Just passing this fb post to you: "According to the 2013 Old Farmer's Almanac All-Seasons Garden Guide, you can deter deer, squirrels, and woodchucks by scattering dog or human hair (go to you barber or hairdresser to get some) around the perimeter of your garden.

Have you picked up your copy of the Garden Guide yet? http://www.almanac.com/product/almanac-all-seasons-garden-guide-2013-annual-edition"


----------



## Junkscouts (Jul 18, 2010)

We only have ground squirrels here and the squirrelinator traps work great (http://squirrelinator.com/). I'm not sure if they work for regular squirrels, but you could ask them.

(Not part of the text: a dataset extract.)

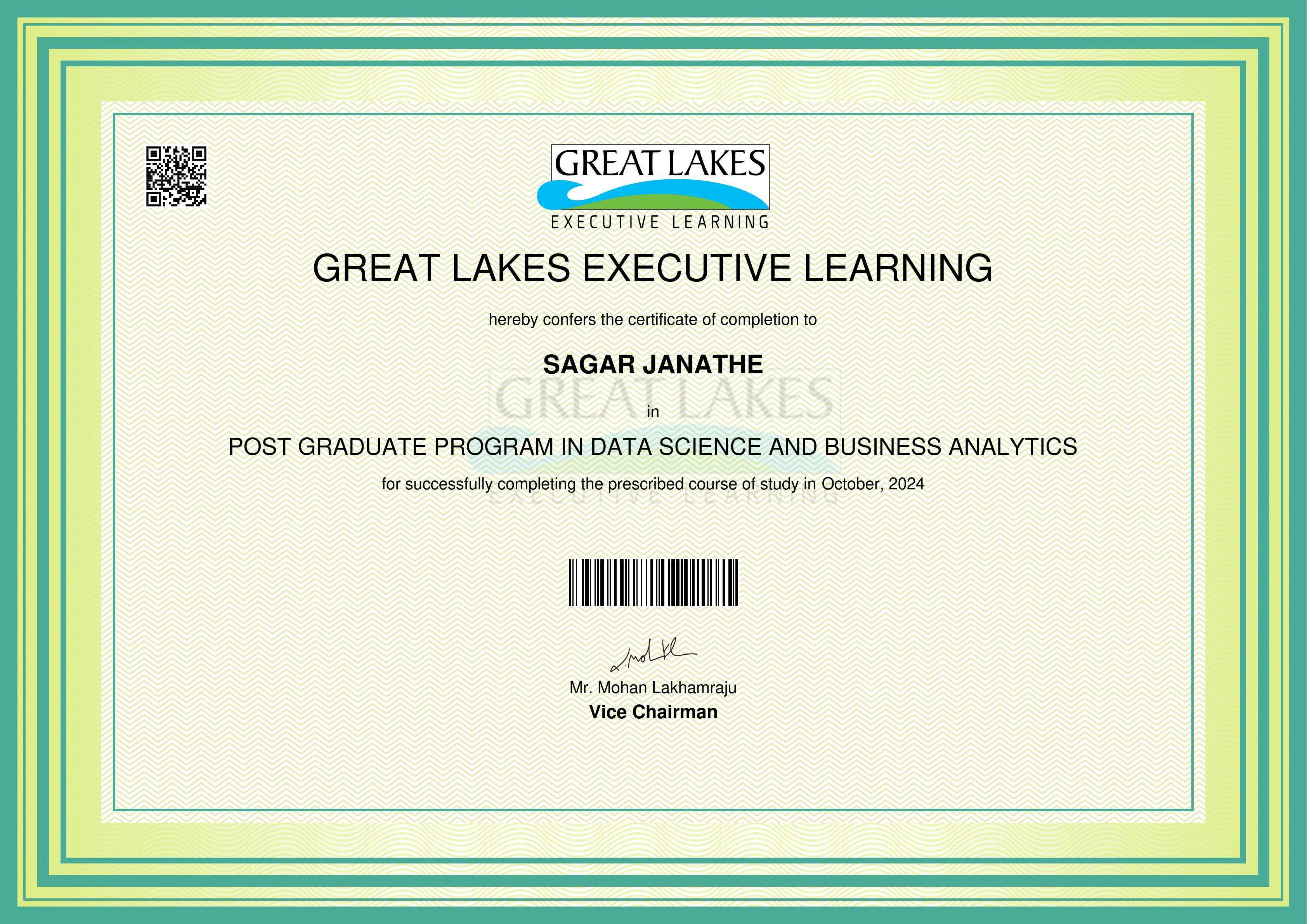 The certificate below verifies that SAGAR JANATHE has completed the POST GRADUATE PROGRAM IN DATA SCIENCE AND BUSINESS ANALYTICS

Last year I started shooting squirrels 3 months before our apricots ripened and then put out the traps a couple weeks before they ripened and we got our first apricot crop in 6 years.

One thing you can do is bag the fruit. It's a little labor intensive, but you can save some of the fruit that way. 
 
Also pears ripen off the tree so try picking some before the squirrels eat them, or do they eat them way before they are mature?


----------



## informative (Aug 24, 2012)

haha pecan fig pear and plum same trees we have in the yard in the subdivision home in town. plum is dying from some beetles or something though soon to just be pear pecan and fig.

There was supposed to be some sonic rodent and insect repel device that chases them with high pitched sounds, could be worth a try. Have you tried the owl scarecrows good ones have movement and sound and should be scary to any small rodent. Some use jalapeno spray to keep pesky things off. Dirty laundry that smells like human could be put on a scarecrow - maybe put one of those motion detector Halloween doorstep scare things - when they see motion they make some scary noises.


----------



## tlcnubians (Jan 21, 2011)

If they're climbing up the pecan tree, maybe putting a metal climbing guard around the trunk of that tree might stop them. Also, like Tammy says, offer them something else to eat away from the pear tree.


----------



## swgoats (May 21, 2010)

Wrap all the trunks so they have no way up!


----------



## jdavenport (Jul 19, 2012)

This works on larger animals, maybe if you turned the sensitivity up it would pick up squirrels?
http://www.contech-inc.com/products...s/scarecrow-motion-activated-animal-deterrent


----------